入院患者さんに自宅にいるのと同じように過ごし、時には楽しいことも経験していただくため、いろいろなアイデアのもとリハビリや催し物を実施しています。昨年には園芸を通した支援活動に精通するスタッフを採用し、庭に花を植えたり生けたりする園芸を通し不調を抱える患者さんへの支援を始めました。花というのは人の心を和らげるものですよね。年に数回動物と触れ合う機会も設けており、皆さんにはこうした楽しい経験を通して穏やかな気持ちになってもらえたらと思っています。ちなみに、当院ではペットの面会が可能です。そして私個人の取り組みとして、朝食の時間に全病棟を回ってあいさつをする「おはよう回診」を長く続けています。「今日退院ですね」などと話しかけた際に、患者さんからも明るくあいさつを返していただけたらうれしいですね。服装も患者さんとの関係性や距離感を考え、白衣ではなくポロシャツを着ています。
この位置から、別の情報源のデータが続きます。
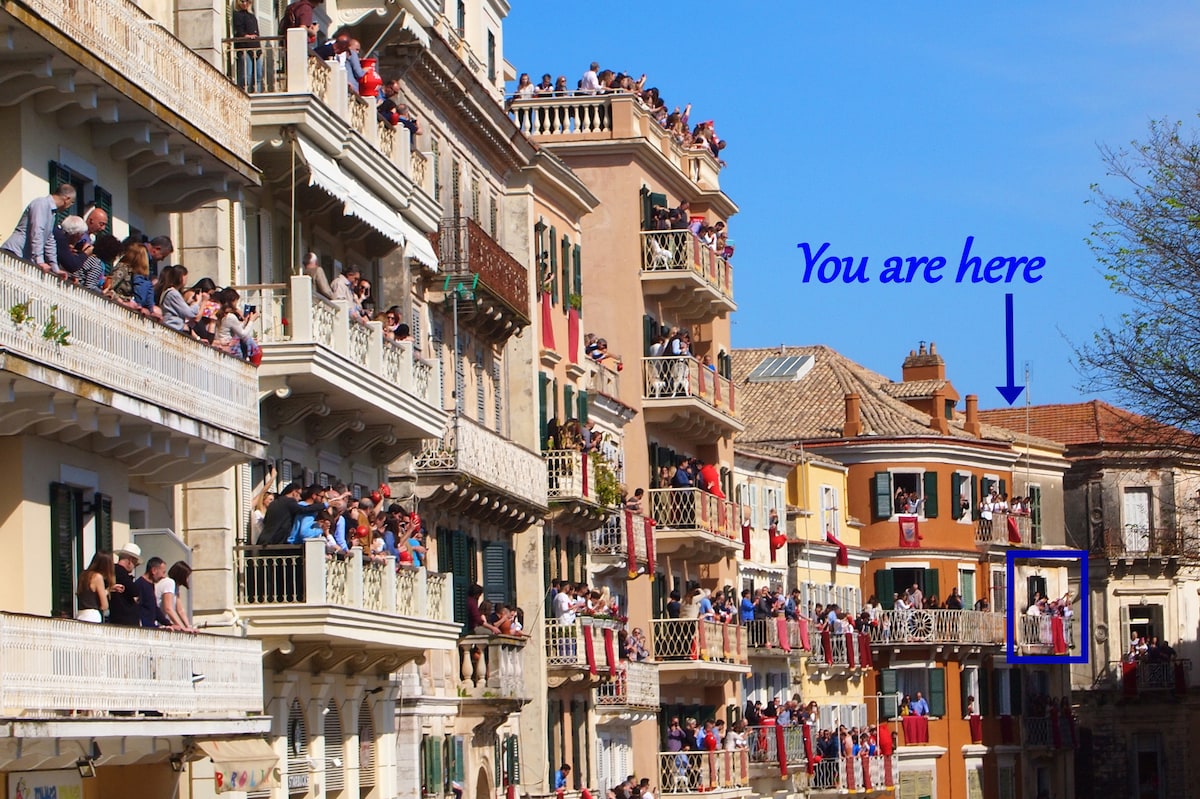 Τraditional 3rd floor (over the ground floor) apartment, without a lift, five min walk from two small beaches of the city. There is a balcony over Platy Kantouni, in one of the most beautiful neighborhoods: Porta Remounta. Just a few minutes' walk away: Liston, Old Fortress, big squares (Spianada), theTown Hall square, church Saint Spyridon etc . In the neighborhood there are a tour agency, very good traditional tavern and Italian restaurants and all food shops .

最後に今後の意気込みと、読者へのメッセージをお願いします。

リハビリスタッフは体の外側の動きが回復するようサポートし、看護師は体温や血圧といった体の内側の状態を管理します。そうやって多職種が一人の患者さんを各視点からサポートするチーム医療、言い換えるならば「人の和」が診療で最も大切だと考えています。「この方が良くなるように」というぶれない共通目的のもと、それぞれの立場でできることをする。そして情報をしっかり共有しながら退院をめざす動きがここ1年で確立されてきました。もう一つ、当院ではケアワーカー部という、一般的には看護助手にあたるスタッフが患者さんのお世話を行う部署をつくりました。看護師から指示を受けるのではなく独自に動いているのが特徴で、病棟でのイベント企画や食事の準備など、少しでも入院生活が充実したものになるよう取り組んでいます。今後もスタッフ一丸となり、地域の皆さんにご満足いただける病院をめざして誠実に医療に取り組んでまいります。

荻原 徹 理事長
1982年川崎医科大学出身。同大学大学院修了後は整形外科の医師として研鑽を積む。現代医療におけるリハビリテーションの重要性を早くから認識し、患者の社会復帰に向けたリハビリができる施設の実現に取り組む。1995年に荻原みさき病院院長に就任。「神戸屈指のリハビリ病院」をめざして患者に寄り添い、医療を通して地域へ貢献するために尽力している。日本整形外科学会認定整形外科専門医。